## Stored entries
◇ ◇ ◇ ◇

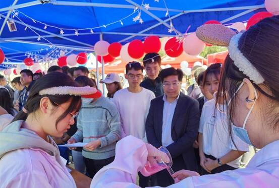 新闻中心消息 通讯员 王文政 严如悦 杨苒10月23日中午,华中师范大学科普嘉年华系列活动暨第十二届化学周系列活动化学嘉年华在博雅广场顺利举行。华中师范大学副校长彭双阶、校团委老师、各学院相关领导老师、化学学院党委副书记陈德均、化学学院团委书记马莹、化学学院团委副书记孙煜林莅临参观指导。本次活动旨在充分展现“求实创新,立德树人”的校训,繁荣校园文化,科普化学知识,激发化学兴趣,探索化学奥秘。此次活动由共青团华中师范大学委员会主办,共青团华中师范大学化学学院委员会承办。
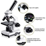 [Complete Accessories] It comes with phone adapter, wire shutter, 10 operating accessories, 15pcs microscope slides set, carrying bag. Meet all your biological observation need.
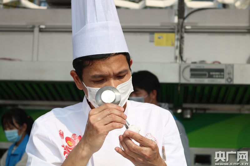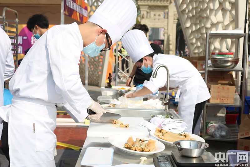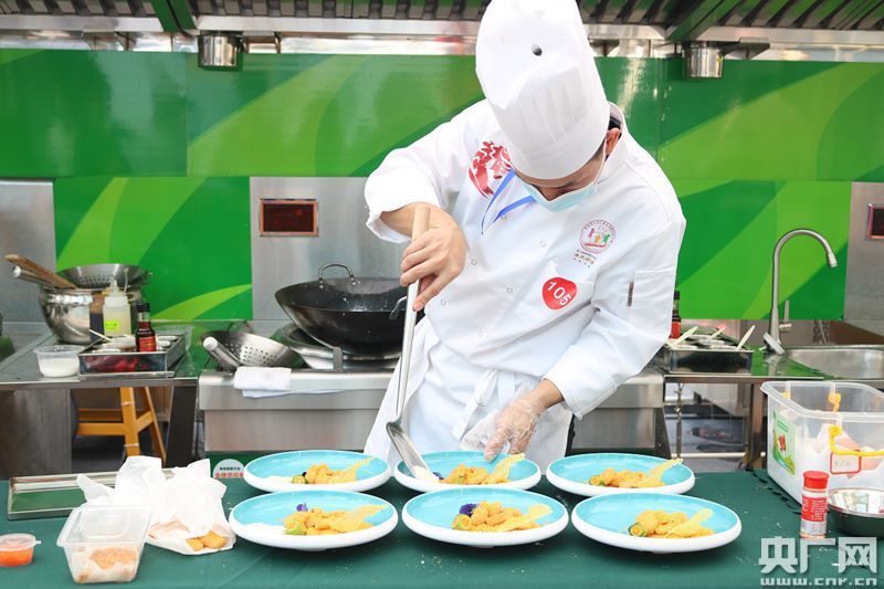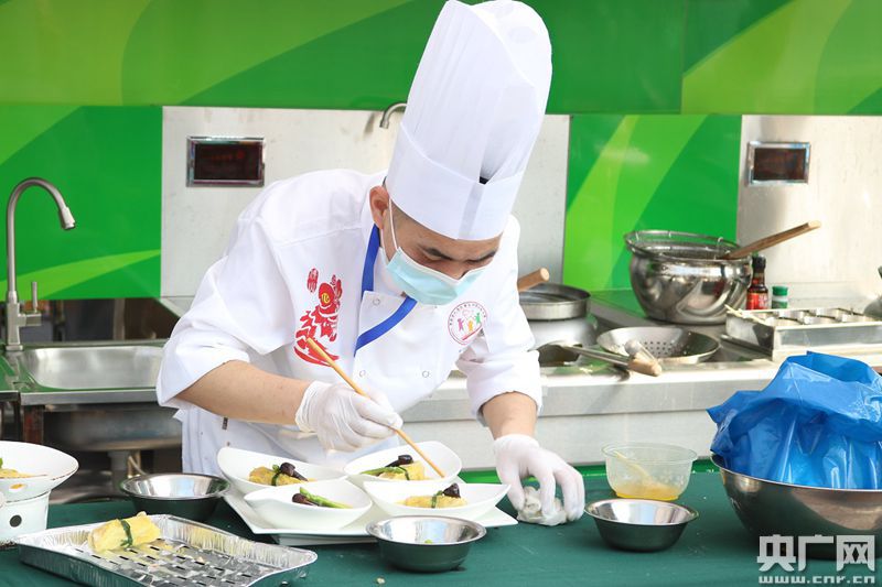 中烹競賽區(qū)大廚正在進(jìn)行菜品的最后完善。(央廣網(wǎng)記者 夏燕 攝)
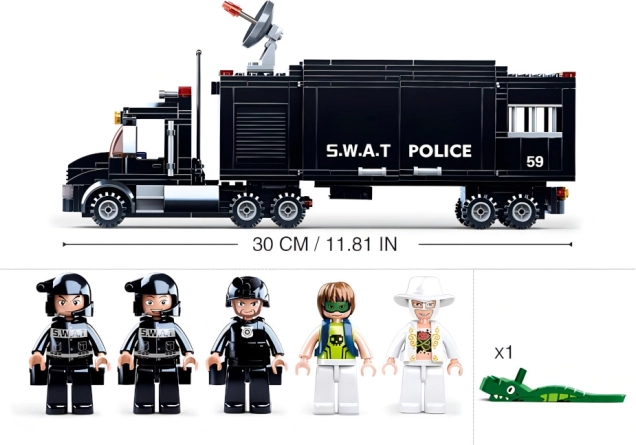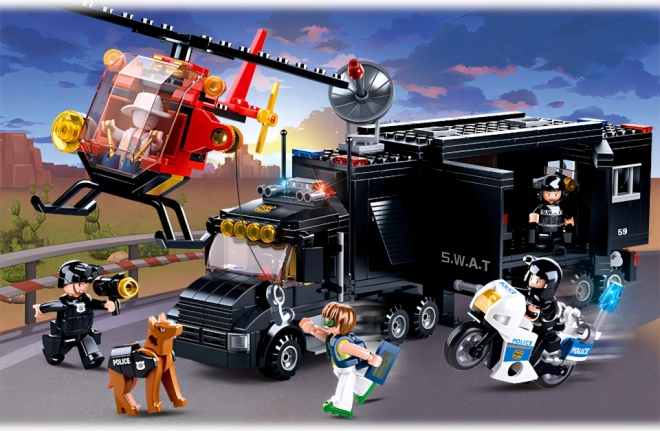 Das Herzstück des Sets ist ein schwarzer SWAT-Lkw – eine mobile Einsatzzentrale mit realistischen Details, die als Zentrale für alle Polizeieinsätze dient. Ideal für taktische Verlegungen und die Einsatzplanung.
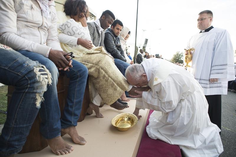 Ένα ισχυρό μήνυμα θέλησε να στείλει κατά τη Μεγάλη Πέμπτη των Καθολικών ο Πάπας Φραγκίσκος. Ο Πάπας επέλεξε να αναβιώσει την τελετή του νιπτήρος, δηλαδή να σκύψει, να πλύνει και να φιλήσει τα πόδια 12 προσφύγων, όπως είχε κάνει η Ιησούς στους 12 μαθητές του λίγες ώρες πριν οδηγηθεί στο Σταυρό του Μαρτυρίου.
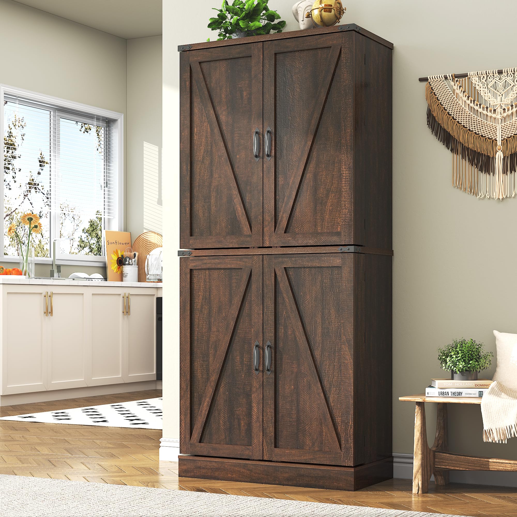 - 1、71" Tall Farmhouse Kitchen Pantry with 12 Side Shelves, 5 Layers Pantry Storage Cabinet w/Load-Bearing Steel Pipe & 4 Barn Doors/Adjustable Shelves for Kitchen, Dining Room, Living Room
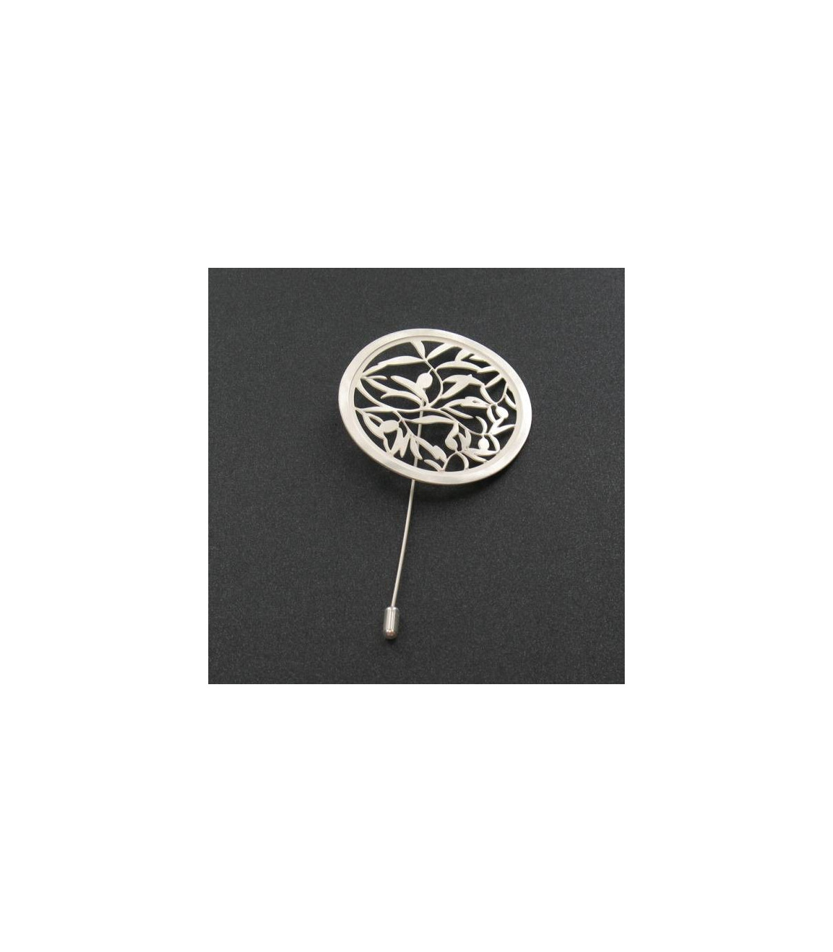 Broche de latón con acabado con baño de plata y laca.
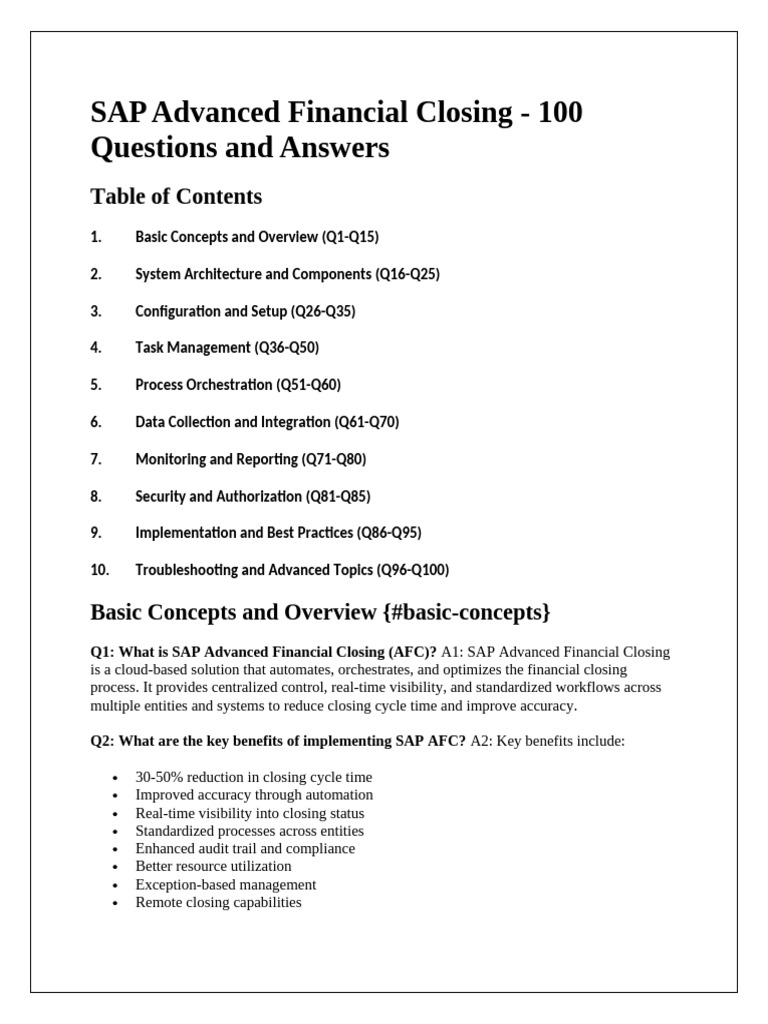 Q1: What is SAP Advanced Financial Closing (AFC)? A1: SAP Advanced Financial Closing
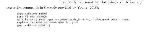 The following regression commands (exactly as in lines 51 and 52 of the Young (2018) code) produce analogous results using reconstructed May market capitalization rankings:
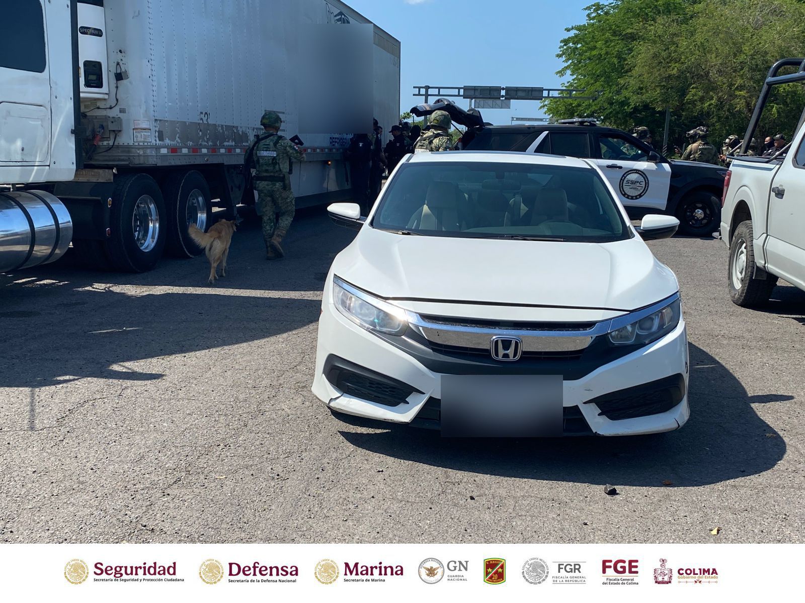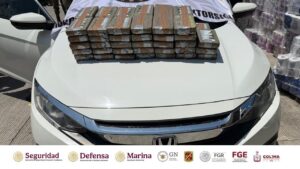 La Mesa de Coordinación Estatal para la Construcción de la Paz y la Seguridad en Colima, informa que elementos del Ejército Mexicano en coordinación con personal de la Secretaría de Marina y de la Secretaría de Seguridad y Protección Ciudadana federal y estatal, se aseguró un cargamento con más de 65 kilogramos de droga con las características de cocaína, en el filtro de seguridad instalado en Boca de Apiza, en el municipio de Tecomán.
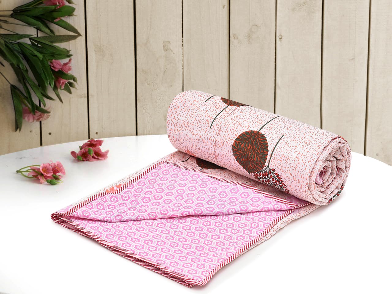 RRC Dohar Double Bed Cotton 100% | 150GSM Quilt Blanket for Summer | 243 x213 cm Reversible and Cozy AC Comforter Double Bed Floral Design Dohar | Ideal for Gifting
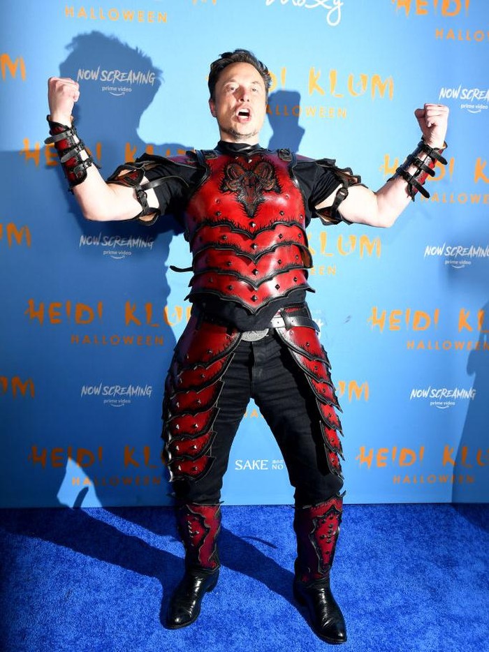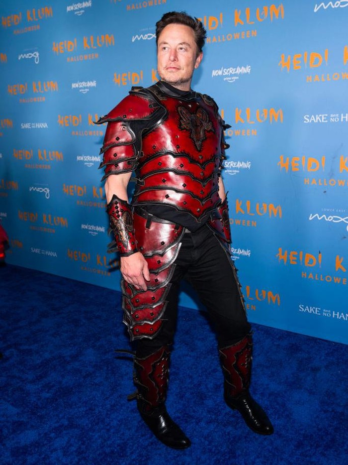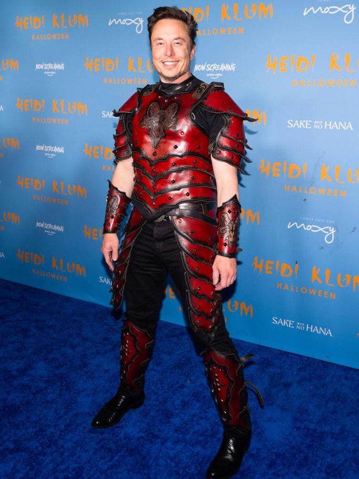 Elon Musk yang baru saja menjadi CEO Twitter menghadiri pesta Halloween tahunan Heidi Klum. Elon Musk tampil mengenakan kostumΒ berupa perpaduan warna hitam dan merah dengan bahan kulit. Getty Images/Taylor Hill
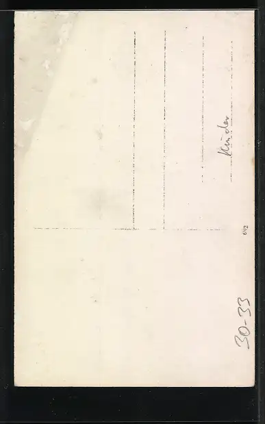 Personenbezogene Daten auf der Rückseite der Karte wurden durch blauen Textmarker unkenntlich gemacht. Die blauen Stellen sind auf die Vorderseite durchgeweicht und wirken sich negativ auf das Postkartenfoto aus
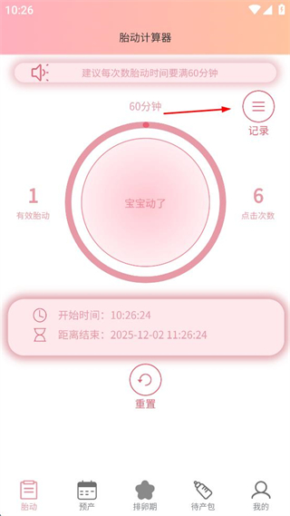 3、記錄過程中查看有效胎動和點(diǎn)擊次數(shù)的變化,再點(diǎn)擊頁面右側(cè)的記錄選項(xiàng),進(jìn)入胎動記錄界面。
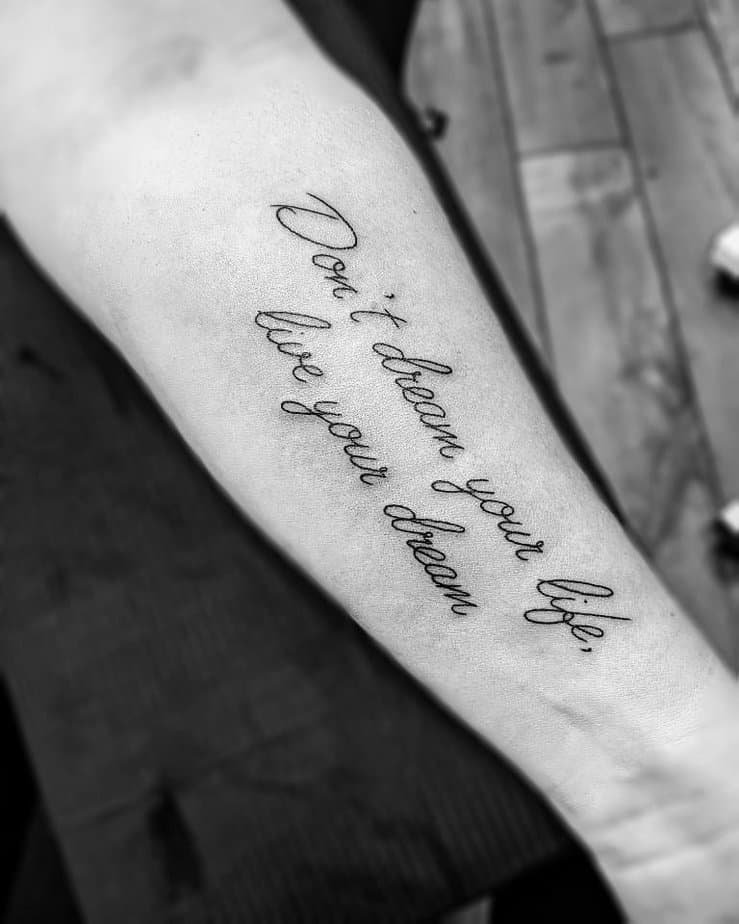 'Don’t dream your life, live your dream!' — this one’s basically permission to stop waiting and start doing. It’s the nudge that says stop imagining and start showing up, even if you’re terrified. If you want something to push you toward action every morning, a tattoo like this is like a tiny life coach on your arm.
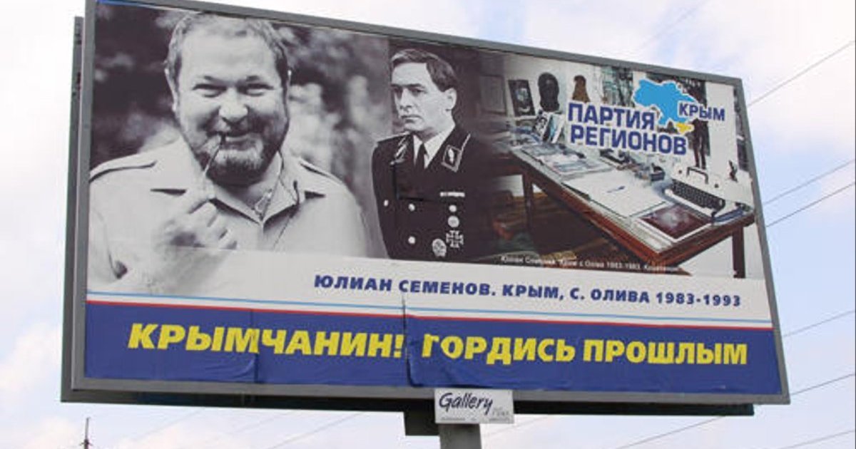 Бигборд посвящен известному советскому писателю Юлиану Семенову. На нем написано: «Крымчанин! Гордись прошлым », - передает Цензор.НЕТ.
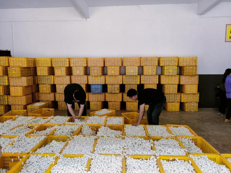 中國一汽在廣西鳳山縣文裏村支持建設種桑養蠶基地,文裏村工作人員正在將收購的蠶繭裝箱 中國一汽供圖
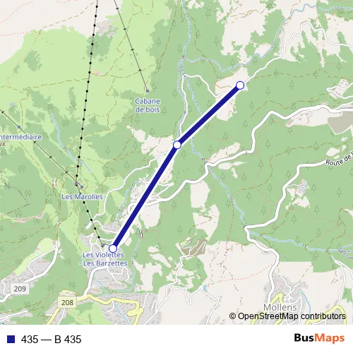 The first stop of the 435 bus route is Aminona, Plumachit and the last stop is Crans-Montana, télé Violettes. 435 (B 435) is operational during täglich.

◇ ◇ ◇ ◇

## WHAT YOU HAVE TO DO
Copy out all the entries precisely. No images.

## TASK SOLUTION
 新闻中心消息 通讯员 王文政 严如悦 杨苒10月23日中午,华中师范大学科普嘉年华系列活动暨第十二届化学周系列活动化学嘉年华在博雅广场顺利举行。华中师范大学副校长彭双阶、校团委老师、各学院相关领导老师、化学学院党委副书记陈德均、化学学院团委书记马莹、化学学院团委副书记孙煜林莅临参观指导。本次活动旨在充分展现“求实创新,立德树人”的校训,繁荣校园文化,科普化学知识,激发化学兴趣,探索化学奥秘。此次活动由共青团华中师范大学委员会主办,共青团华中师范大学化学学院委员会承办。
 [Complete Accessories] It comes with phone adapter, wire shutter, 10 operating accessories, 15pcs microscope slides set, carrying bag. Meet all your biological observation need.
 中烹競賽區(qū)大廚正在進(jìn)行菜品的最后完善。(央廣網(wǎng)記者 夏燕 攝)
 Das Herzstück des Sets ist ein schwarzer SWAT-Lkw – eine mobile Einsatzzentrale mit realistischen Details, die als Zentrale für alle Polizeieinsätze dient. Ideal für taktische Verlegungen und die Einsatzplanung.
 Ένα ισχυρό μήνυμα θέλησε να στείλει κατά τη Μεγάλη Πέμπτη των Καθολικών ο Πάπας Φραγκίσκος. Ο Πάπας επέλεξε να αναβιώσει την τελετή του νιπτήρος, δηλαδή να σκύψει, να πλύνει και να φιλήσει τα πόδια 12 προσφύγων, όπως είχε κάνει η Ιησούς στους 12 μαθητές του λίγες ώρες πριν οδηγηθεί στο Σταυρό του Μαρτυρίου.
 - 1、71" Tall Farmhouse Kitchen Pantry with 12 Side Shelves, 5 Layers Pantry Storage Cabinet w/Load-Bearing Steel Pipe & 4 Barn Doors/Adjustable Shelves for Kitchen, Dining Room, Living Room
 Broche de latón con acabado con baño de plata y laca.
 Q1: What is SAP Advanced Financial Closing (AFC)? A1: SAP Advanced Financial Closing
 The following regression commands (exactly as in lines 51 and 52 of the Young (2018) code) produce analogous results using reconstructed May market capitalization rankings:
 La Mesa de Coordinación Estatal para la Construcción de la Paz y la Seguridad en Colima, informa que elementos del Ejército Mexicano en coordinación con personal de la Secretaría de Marina y de la Secretaría de Seguridad y Protección Ciudadana federal y estatal, se aseguró un cargamento con más de 65 kilogramos de droga con las características de cocaína, en el filtro de seguridad instalado en Boca de Apiza, en el municipio de Tecomán.
 RRC Dohar Double Bed Cotton 100% | 150GSM Quilt Blanket for Summer | 243 x213 cm Reversible and Cozy AC Comforter Double Bed Floral Design Dohar | Ideal for Gifting
 Elon Musk yang baru saja menjadi CEO Twitter menghadiri pesta Halloween tahunan Heidi Klum. Elon Musk tampil mengenakan kostumΒ berupa perpaduan warna hitam dan merah dengan bahan kulit. Getty Images/Taylor Hill
 Personenbezogene Daten auf der Rückseite der Karte wurden durch blauen Textmarker unkenntlich gemacht. Die blauen Stellen sind auf die Vorderseite durchgeweicht und wirken sich negativ auf das Postkartenfoto aus
 3、記錄過程中查看有效胎動和點(diǎn)擊次數(shù)的變化,再點(diǎn)擊頁面右側(cè)的記錄選項(xiàng),進(jìn)入胎動記錄界面。
 'Don’t dream your life, live your dream!' — this one’s basically permission to stop waiting and start doing. It’s the nudge that says stop imagining and start showing up, even if you’re terrified. If you want something to push you toward action every morning, a tattoo like this is like a tiny life coach on your arm.
 Бигборд посвящен известному советскому писателю Юлиану Семенову. На нем написано: «Крымчанин! Гордись прошлым », - передает Цензор.НЕТ.
 中國一汽在廣西鳳山縣文裏村支持建設種桑養蠶基地,文裏村工作人員正在將收購的蠶繭裝箱 中國一汽供圖
 The first stop of the 435 bus route is Aminona, Plumachit and the last stop is Crans-Montana, télé Violettes. 435 (B 435) is operational during täglich.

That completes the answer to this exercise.